§ **Available data**
□ □ □ □ □

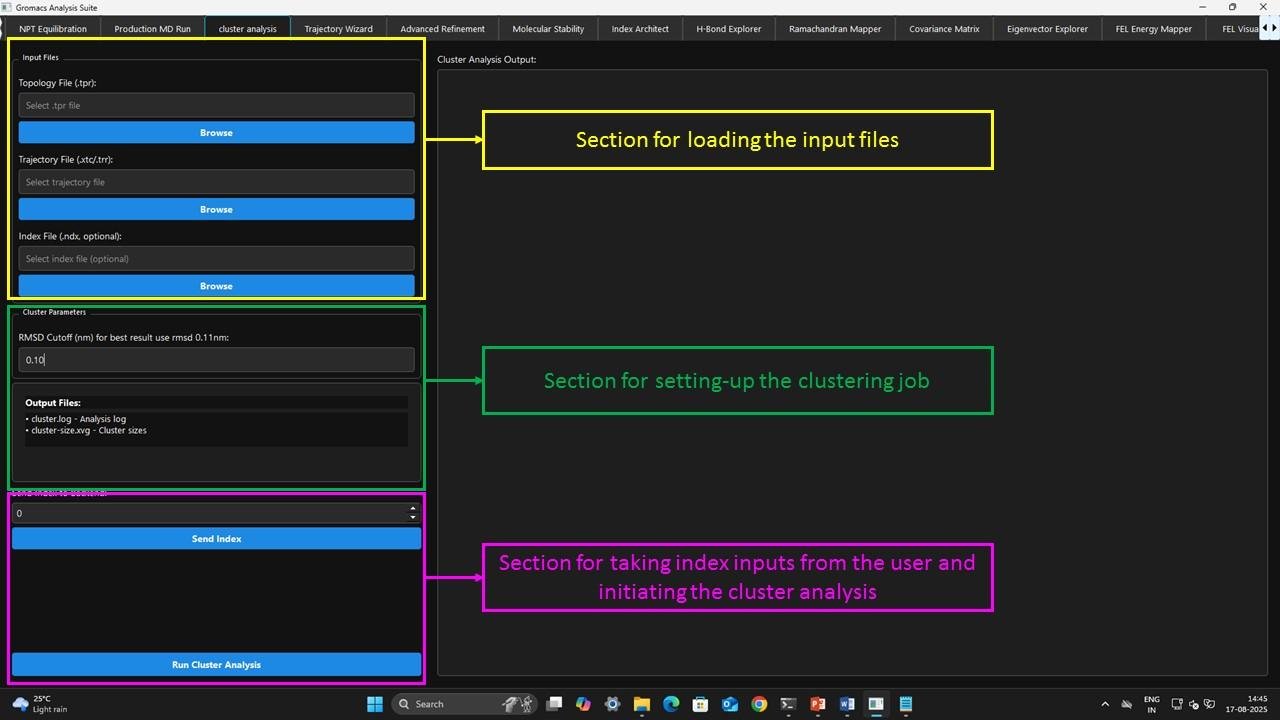 - Conduct cluster analysis effectively (set-up the clustering job, customizable RMSD Cutoffs, index specific cluster analysis etc. Support trajectories from Gromacs and NAMD)
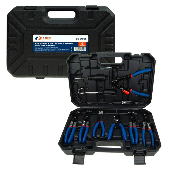 "НАБОР ЩИПЦОВ ДЛЯ СНЯТИЯ И УСТАНОВКИ ХОМУТОВ И ШЛАНГОВ 9ПР Вес: 3.19кг. Размер кейса: 480 × 310 × 90мм. Материал: Высокоуглеродистая сталь Список продукции и характеристики: Название Длина продукта (мм) Длина губки/трубы (мм) Длина ручки (мм) Максимальное раскрытие (мм) Вес (кг) A Гибкие клещи для хомутов 210; 600; 140; 50; 0,45 B Прямые клещи для хомутов 215; 40; 130; 55; 0,22 C Прямые клещи для хомутов 215; 40; 130; 55; 0,22 D Изогнутые клещи для хомутов 220; 60; 135; 60; 0,22 E Прямые клещи для хомутов 215; 40; 130; 62; 0,22 F Клещи для хомутов с тисками 180; 23; 95; 54; 0,23 G Клещи для разделителя шлангов и масляных линий 200; 65; 95; 40; 0,2 H Двусторонняя отвертка 145; -; 83; -; 0,04 I Мини-крючок 190; -; 88; -; 0,07"
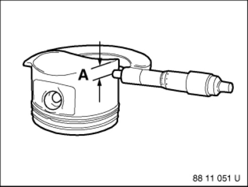 Before installation, measure piston installation clearance. Measure piston diameter with micrometre at measuring point A from lower edge of piston and offset at 90°to the axis of the gudgeon pin.
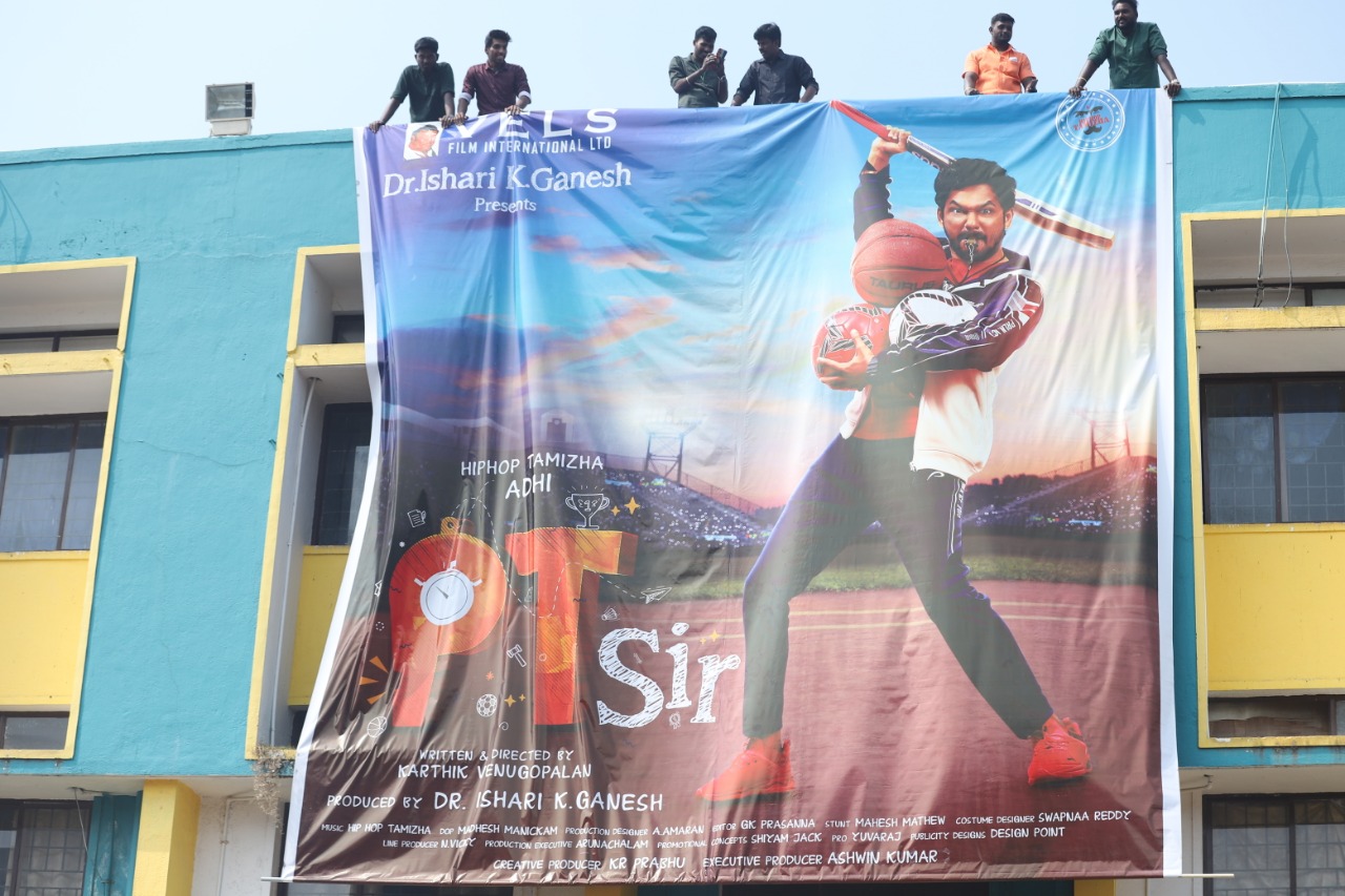வேல்ஸ் பல்கலைக்கழக வளாகத்திலுள்ள வேலன் அரங்கத்தின் முன் அமைக்கப்பட்டிருந்த திறந்த வெளி கிராமிய திருவிழா அரங்கத்தில் ஆயிரக்கணக்கான மாணவ மாணவியர்கள் பொங்கல் திருவிழாவை கொண்டாடிய தருணத்தில், வேல்ஸ் ஃபிலிம் இன்டர்நேஷனல் தயாரிப்பில் ஹிப் ஹாப் தமிழா ஆதி கதையின் நாயகனாக நடிக்கும் புதிய படத்தின் தலைப்பு மற்றும் முதல் பார்வை பிரம்மாண்டமான முறையில் வெளியிடப்பட்டது. படத்திற்கு ‘P T சார்’ என பெயரிடப்பட்டு, அதன் ஃபர்ஸ்ட் லுக் வெளியிடப்பட்டது.

□ □ □ □ □

§ **Instructions for the task**
Please repeat the listing above word for word, with the pictures removed.

§ **Answer to this exercise**
 - Conduct cluster analysis effectively (set-up the clustering job, customizable RMSD Cutoffs, index specific cluster analysis etc. Support trajectories from Gromacs and NAMD)
 "НАБОР ЩИПЦОВ ДЛЯ СНЯТИЯ И УСТАНОВКИ ХОМУТОВ И ШЛАНГОВ 9ПР Вес: 3.19кг. Размер кейса: 480 × 310 × 90мм. Материал: Высокоуглеродистая сталь Список продукции и характеристики: Название Длина продукта (мм) Длина губки/трубы (мм) Длина ручки (мм) Максимальное раскрытие (мм) Вес (кг) A Гибкие клещи для хомутов 210; 600; 140; 50; 0,45 B Прямые клещи для хомутов 215; 40; 130; 55; 0,22 C Прямые клещи для хомутов 215; 40; 130; 55; 0,22 D Изогнутые клещи для хомутов 220; 60; 135; 60; 0,22 E Прямые клещи для хомутов 215; 40; 130; 62; 0,22 F Клещи для хомутов с тисками 180; 23; 95; 54; 0,23 G Клещи для разделителя шлангов и масляных линий 200; 65; 95; 40; 0,2 H Двусторонняя отвертка 145; -; 83; -; 0,04 I Мини-крючок 190; -; 88; -; 0,07"
 Before installation, measure piston installation clearance. Measure piston diameter with micrometre at measuring point A from lower edge of piston and offset at 90°to the axis of the gudgeon pin.
வேல்ஸ் பல்கலைக்கழக வளாகத்திலுள்ள வேலன் அரங்கத்தின் முன் அமைக்கப்பட்டிருந்த திறந்த வெளி கிராமிய திருவிழா அரங்கத்தில் ஆயிரக்கணக்கான மாணவ மாணவியர்கள் பொங்கல் திருவிழாவை கொண்டாடிய தருணத்தில், வேல்ஸ் ஃபிலிம் இன்டர்நேஷனல் தயாரிப்பில் ஹிப் ஹாப் தமிழா ஆதி கதையின் நாயகனாக நடிக்கும் புதிய படத்தின் தலைப்பு மற்றும் முதல் பார்வை பிரம்மாண்டமான முறையில் வெளியிடப்பட்டது. படத்திற்கு ‘P T சார்’ என பெயரிடப்பட்டு, அதன் ஃபர்ஸ்ட் லுக் வெளியிடப்பட்டது.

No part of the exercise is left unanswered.